Hello,
I have the following graph problem: Given is a Complete Bipartite Graph $$$G = (L, R)$$$ where $$$|L| = N \leq 100$$$ and $$$|R| = M \leq 10$$$ and an $$$N \times M$$$ array $$$C$$$ where the cost of the edge from the $$$l$$$th node of $$$L$$$ to the $$$r$$$th node of $$$R$$$ is given by $$$C[l][r] \leq 10^5$$$. I need to select a subset $$$S \subseteq E(G)$$$ of the edges such that:
- Every node $$$u \in L$$$ appears in exactly one edge of $$$S$$$
- Every node $$$v \in R$$$ appears in an odd number of edges of $$$S$$$
The cost of the selected set $$$S$$$ is defined as the sum of costs of individual edges of $$$S$$$. I have to find the set $$$S$$$ with the minimum cost.

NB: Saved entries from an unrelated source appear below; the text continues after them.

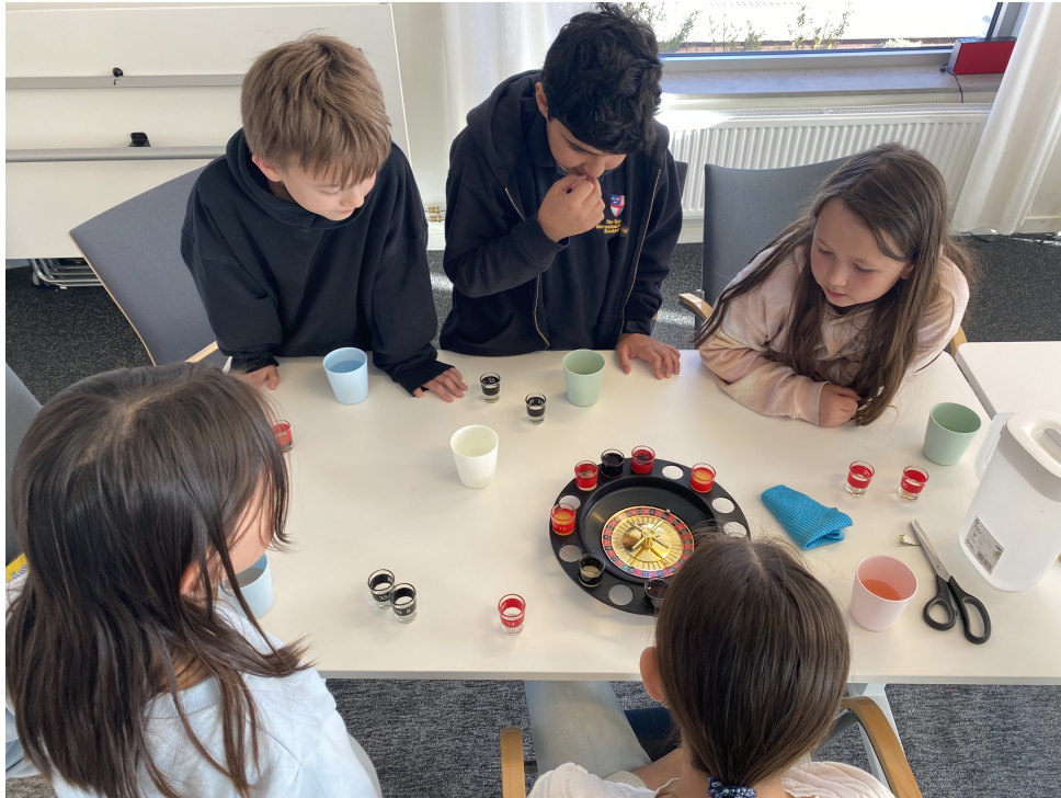
孩子們學習描述食物的味道
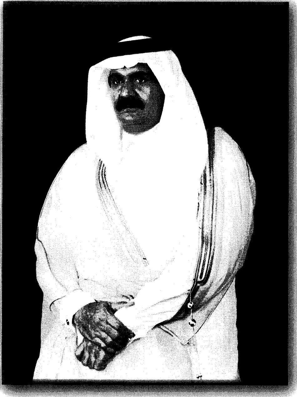
حَضْرَةُ صَاحِبِ السَّمَوِّ السَّيِّدِ مُحَمَّدِ بْنِ خَالِدِ بْنِ تَائِبِ بْنِ أَمِيرِ دَوْلَةِ قَطْرٍ
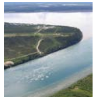
Exemple C - Restaurer l'habitat riverain
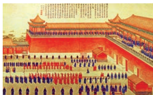
道光《平定回疆戰圖》冊之「午門獻俘」

皇穹宇是單層圓亭式建築，與祈年殿構造原理相同。只有一層的單簷，表示最高規格天數一。庭中澄泥青磚磨磚對縫砌成的垣牆，有回音壁
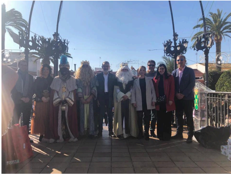
( http://www.bonares.es/export/sites/bonares/es/.galleries/noticias/imagenes-noticias-2019/dia6-enero.jpg )
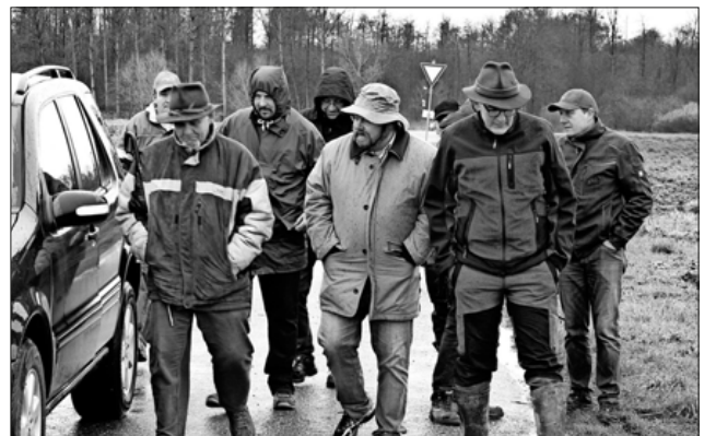
Für Bürgermeister Heinz-Rudolf Hagenacker sind die Flurbegehungen eine willkommene Gelegenheit, mit den Landwirten vor Ort die Probleme zu besprechen.

Auch bei dieser Flurbegehung wies er nochmals auf die Städte-Land-Partnerschaft hin. Denn bedauerlicherweise würde das Angebot zur Selbstvermarktung nicht so angenommen wie gewünscht. Hierzu sollte man nochmals gemeinsam über die Strategien reden.
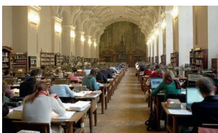
34 Národní digitální knihovna
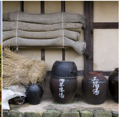
Gefäße im denkmalgeschützten Dorf, Südkorea
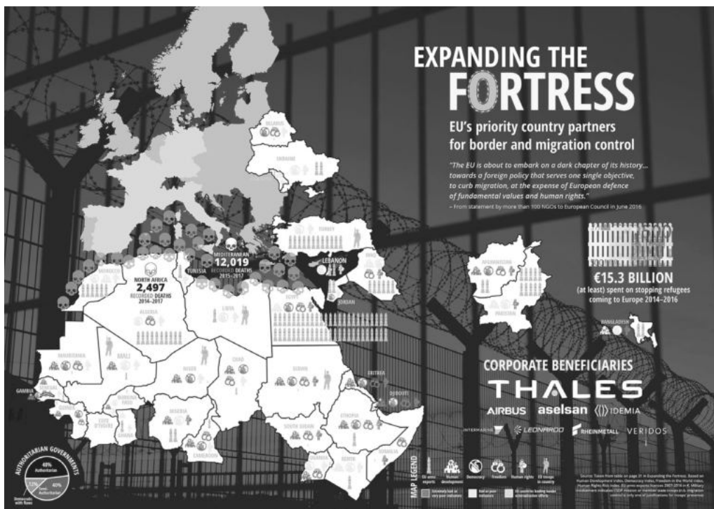
Μια σύντομη ματιά στο στρατιωτικο-βιομηχανικό σύμπλεγμα της Ευρώπης-Φρούριο.
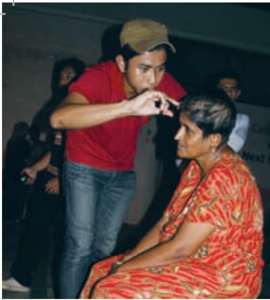
Aktiviti menggunting rambut
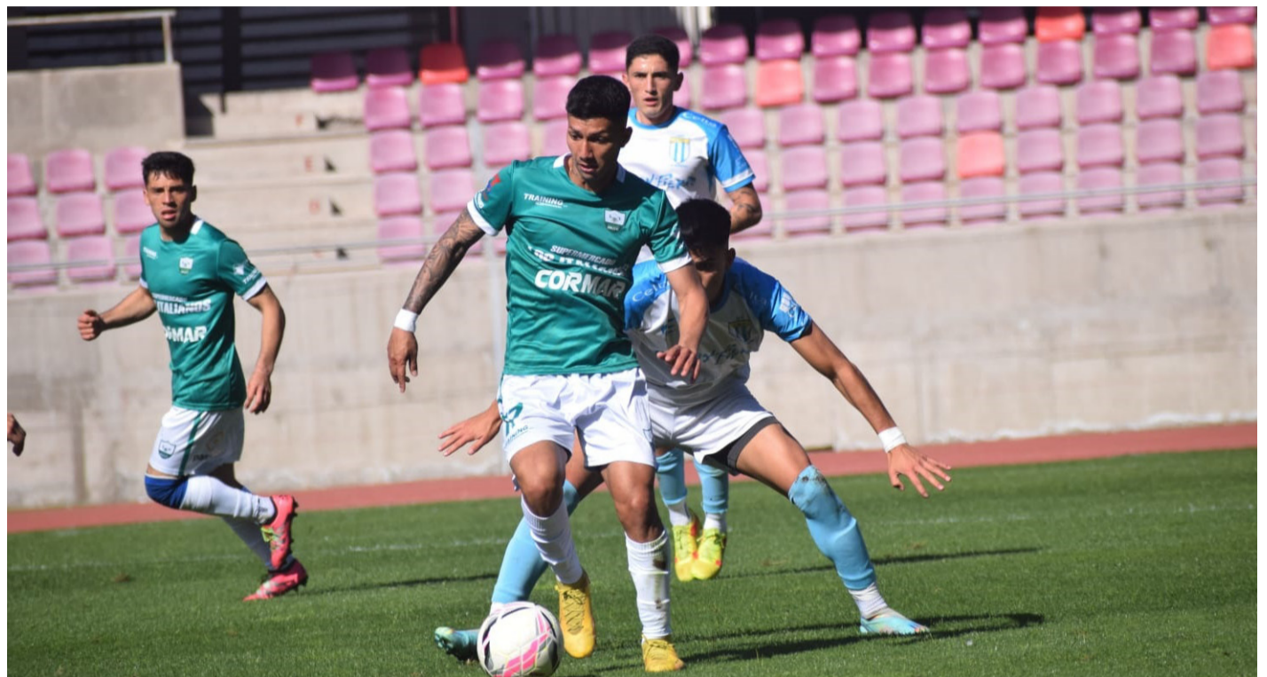
Provincial Ovalle fue superior en el juego ante Unión Compañías, partido disputado en el Estadio La Portada.

Al minuto 60 Unión Compañías logró igualar gracias a una gran jugada
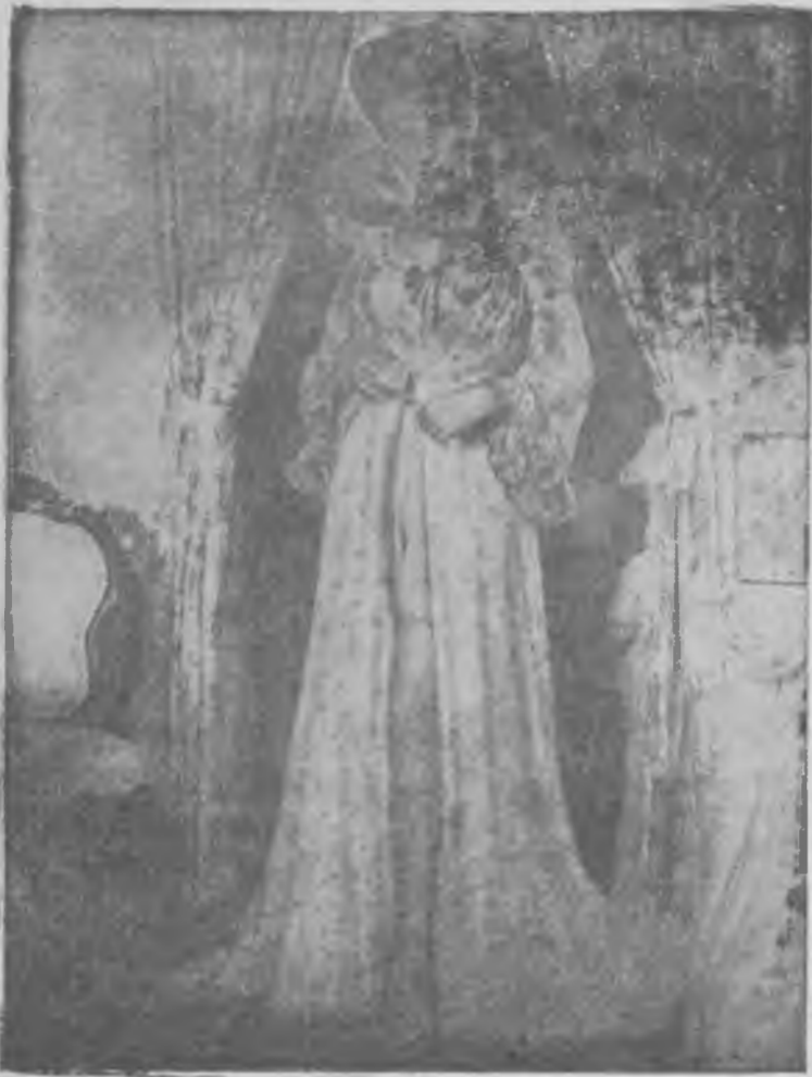
Virginia Mayo lleva siempre atavíos femeninos al desayuno.

I tried to reason about the optimal odd assignment being a small $$$(-1/0/1)$$$-deviation of the optimal assignment where nodes of $$$R$$$ can appear any number of times but I figured out this is not true.
One other approach I tried is to find an initial one to one matching $$$L'$$$ between $$$R$$$ and $$$L$$$ and then consider remaining nodes of $$$L$$$ as pairs and perform Min Cost Flow on the Tripartite Graph $$$G' = (L - L', M, R)$$$ where $$$M$$$ has a node for every pair of nodes in $$$L - L'$$$. But I couldn't prove that this will yield an optimal assignment for the original problem.
I think we should use the fact that $$$M$$$ is very small, that the bipartite graph is complete (anything can go to anything), and maybe that costs aren't arbitrarily large. Any help would be highly appreciated.
Thank you!
EDIT: Figured it out, turns out it was just Bitmask DP.